Jeśli chcesz poznać naszych podopiecznych, możesz zadzwonić i umówić się na spotkanie. Fundacja pomoże wybrać mruczącego przyjaciela. Każda pomoc, każde udostępnianie jest na wagę złota.

Mile widziana pomoc w remoncie - co jest potrzebne?



Być może też zgłosi się ktoś, kto chciałby pomóc w samym remoncie. Fundacja znalazła lokal zastępczy, ale potrzebny jest generalny remont poddasza. Poszukiwane są firmy remontowe, które pomogą nam w realizacji. Trzeba ocieplić dach, wylać posadzkę i zrobić podłogę, uszczelnić ściany, wymienić okna, poprowadzić elektrykę, postawić ścianki i pociągnąć ogrzewanie.

- Nie znamy dokładnego kosztorysu wszystkich tych prac. Wiemy, że poddasze ma 58 m kw., jest co robić, ale oczami wyobraźni widzimy tam już miejsce dla podopiecznych.
Potrzeba na początek:

  • 100 m wełny 10,
  • płyty regipsowe 100 m ,
  • folia paroprzepuszczalna 100 m ,
  • styropian 5 cm 50 m,
  • beton 2,5 m sześc.,
  • grzejniki 4,
  • płyty OSB 60 m kw.,
  • linoleum 60 m,
  • kable, puszki, oświetlenie, gniazda,
  • farby.



Osoby zainteresowane adopcją stałą lub tymczasową lub innego rodzaju pomocą proszone są o kontakt z Pomorską Fundacją Bracia Mniejsi pod numerem telefonu 607 451 173.


Możesz też wspomóc Pomorską Fundację Bracia Mniejsi, wpłacając środki bezpośrednio na stronie zbiórki -> tutaj.

Miejsca

Opinie (138) ponad 20 zablokowanych

  • Posiadanie 65 kotów to drogie hobby.

    • 14 13

  • Wiecej kotów znalazloby dobry dom, (25)

    Gdyby nie wymogi adopcyjne. Zabezpieczone wszystkie okna, balkony, najlepiej karmić tylko barfem itp. Sama chciałam przygarnąć kota, ale nie jestem w stanie zabezpieczyć całego domu, balkonu i tarasu. Mam zabezpieczenia ze względu na dzieci i po prostu pilnuje. A kota wzięłam od dobrych ludzi i już 2 lata jesteśmy jego człowiekami.

    • 274 27

    • Bzdury piszecie o wymogach (1)

      • 8 56

      • Ola

        Właśnie!

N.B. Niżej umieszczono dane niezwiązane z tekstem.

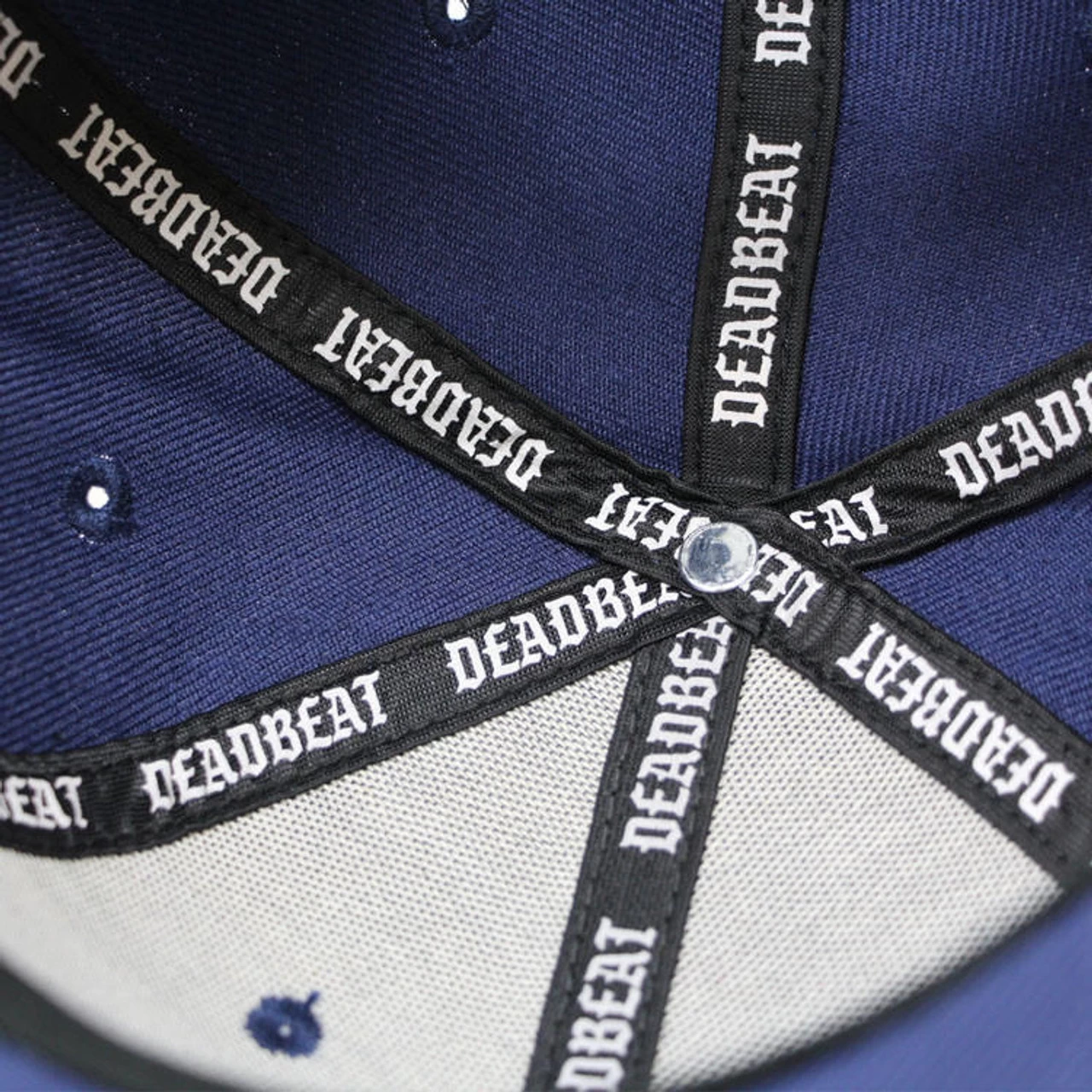 Front sewn on patch, matching under brim, Deadbeat taping and hang tab. We designed every feature of this snapback hat to match.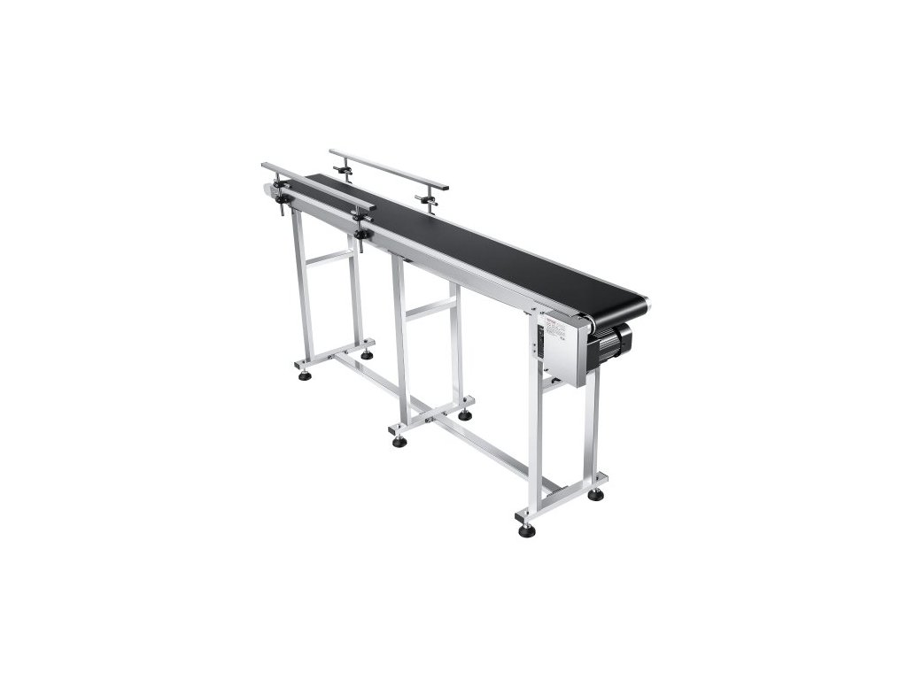 Pásový dopravník VEVOR, dopravníkový stůl 71 x 7,8 palce, vysoce odolný motorizovaný pásový dopravník z nerezové oceli pro aplikace inkoustového kódování, poháněný PVC pás, antistatická nastavitelná rychlost (dvojité zábradlí)

Same bzdury

        • 3 28

    • Anita (5)

      Nie jesteś w stanie zabezpieczyć okien i tarasu najprostszą siatką, którą można zamontować we własnym zakresie? Po prostu pilnujesz? Denerwuje Cię wymóg karmienia kota dobrą karmą? To faktycznie zależy Ci na dobru kota. I jeszcze dorabiasz wątpliwą filozofię.

      • 19 76

      • (2)

        mam 3 koty i balkon niezabezpieczony niczym i nic Wam do tego, mają się lepiej niż w tych przytułkach, na których tylko kroicie naiwnych na zbiórki, wszystkie te fundacje to patologia, DIOZy co kradną psy itd

        • 48 17

        • 3 koty to żadna statystyka

          • 3 8

        • Za puste klatki nikt nie płaci

          stąd te chore wymogi

          • 7 0

      • Miałam kiedyś 8 kotow na podwórku, jadły to co my, ludzie przychodzili i kotki dostawały nowe domy, na wsi. Żyły lepiej niż te zamknięte w mieszkaniach zabezpieczonych. Poznały co to znaczy wchodzenie na drzew, nauczyły się polować, żyły jak powinien żyć kot. Teraz ludzie powariowali. Z kotów robią żywe maskotki dla siebie. Męczą się te koty, mają depresję w tych mieszkaniach i całe dnie śpią. Współczuję tym kotom.

        • 5 2

      • To prawda. Mi też odmówiono adopcji, bo mieszkałam na stancji

        • 1 0

    • No niestety (3)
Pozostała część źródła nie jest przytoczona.